What to do: Although the entries contain pictures, write out only their text, exactly as it stands.

[Collected data entries]
▽

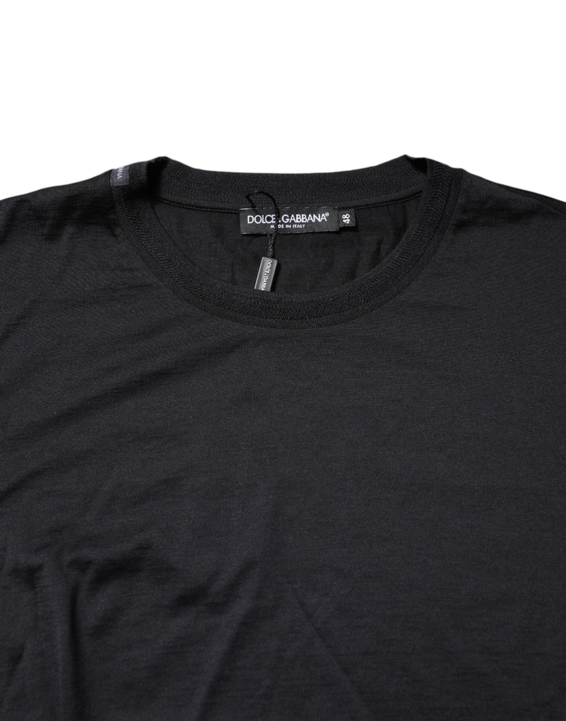 Dolce & Gabbana Dark Blue Silk Crew Neck Men Pullover Sweater
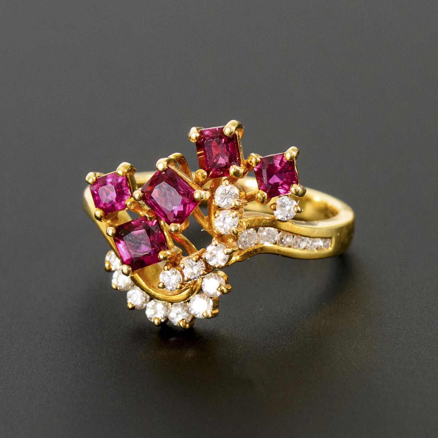 Ring in abstrakt-asymmetrischer Gestaltung mit fünf roten Farbstein-Carrés, wohl Rubine, und Brillanten.
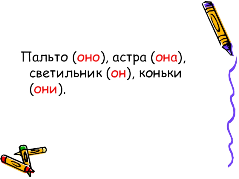 Пальто (оно), астра (она), светильник (он), коньки (они).
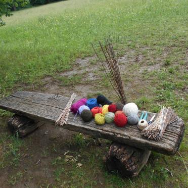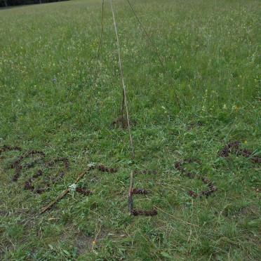 Durch meine Aktivität in der Natur habe ich eine tiefe Wertschätzung für die lebendige Erde gespürt: Ich habe den Platz vorbereitet, mit den Zapfen das Wort »Erdfest « gelegt und ein magisches Auge aus gesammelten Stöcken und Wolle gestaltet; und dazu Lieder gesungen. Es gab zwei nette kurze Kontakte zu Spaziergängern, die sich über mein mitgebrachtes Dinkelbrot freuten. Kurz vor dem großen Schauer kam ein Herr gezielt zum Erdfest. Auf dem gemeinsamen Rückweg haben wir den Regen einfach über uns ergehen lassen, denn der Austausch stand im Vordergrund.
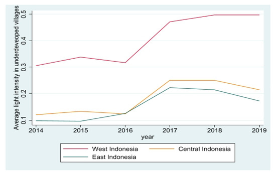 Before the description of the core results of the RDD method, examining the ALI in underdeveloped villages in Indonesia from 2014 to 2019 is instructive (Figure 7). Indonesia is often divided into the west, central, and east regions. Each region contains islands, which are as follows:
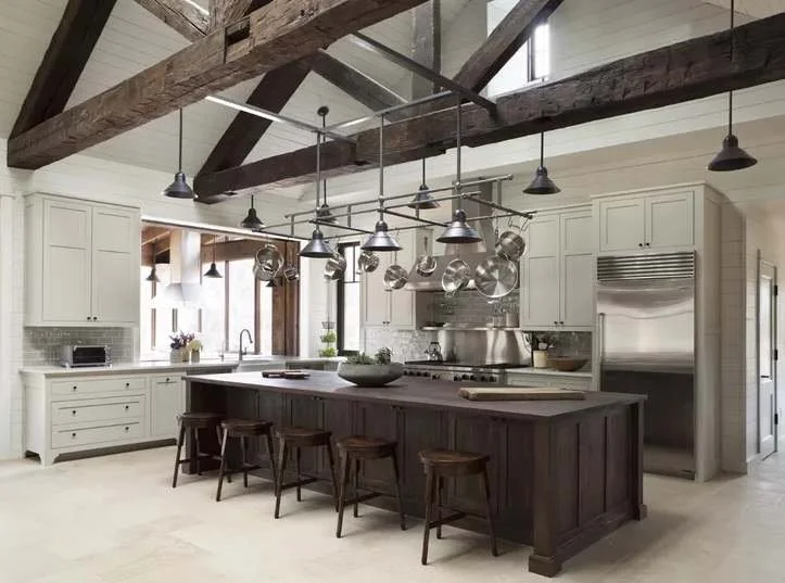 A neutral color palette sets the stage for a farmhouse kitchen. Soft whites, creams, and grays create a serene backdrop, allowing your rustic elements to shine. Use these colors on your walls, cabinetry, and even your backsplash. For a bit of contrast, consider darker hues for your island or lower cabinets.

△

Written answer:
 Dolce & Gabbana Dark Blue Silk Crew Neck Men Pullover Sweater
 Ring in abstrakt-asymmetrischer Gestaltung mit fünf roten Farbstein-Carrés, wohl Rubine, und Brillanten.
 Пальто (оно), астра (она), светильник (он), коньки (они).
 Durch meine Aktivität in der Natur habe ich eine tiefe Wertschätzung für die lebendige Erde gespürt: Ich habe den Platz vorbereitet, mit den Zapfen das Wort »Erdfest « gelegt und ein magisches Auge aus gesammelten Stöcken und Wolle gestaltet; und dazu Lieder gesungen. Es gab zwei nette kurze Kontakte zu Spaziergängern, die sich über mein mitgebrachtes Dinkelbrot freuten. Kurz vor dem großen Schauer kam ein Herr gezielt zum Erdfest. Auf dem gemeinsamen Rückweg haben wir den Regen einfach über uns ergehen lassen, denn der Austausch stand im Vordergrund.
 Before the description of the core results of the RDD method, examining the ALI in underdeveloped villages in Indonesia from 2014 to 2019 is instructive (Figure 7). Indonesia is often divided into the west, central, and east regions. Each region contains islands, which are as follows:
 A neutral color palette sets the stage for a farmhouse kitchen. Soft whites, creams, and grays create a serene backdrop, allowing your rustic elements to shine. Use these colors on your walls, cabinetry, and even your backsplash. For a bit of contrast, consider darker hues for your island or lower cabinets.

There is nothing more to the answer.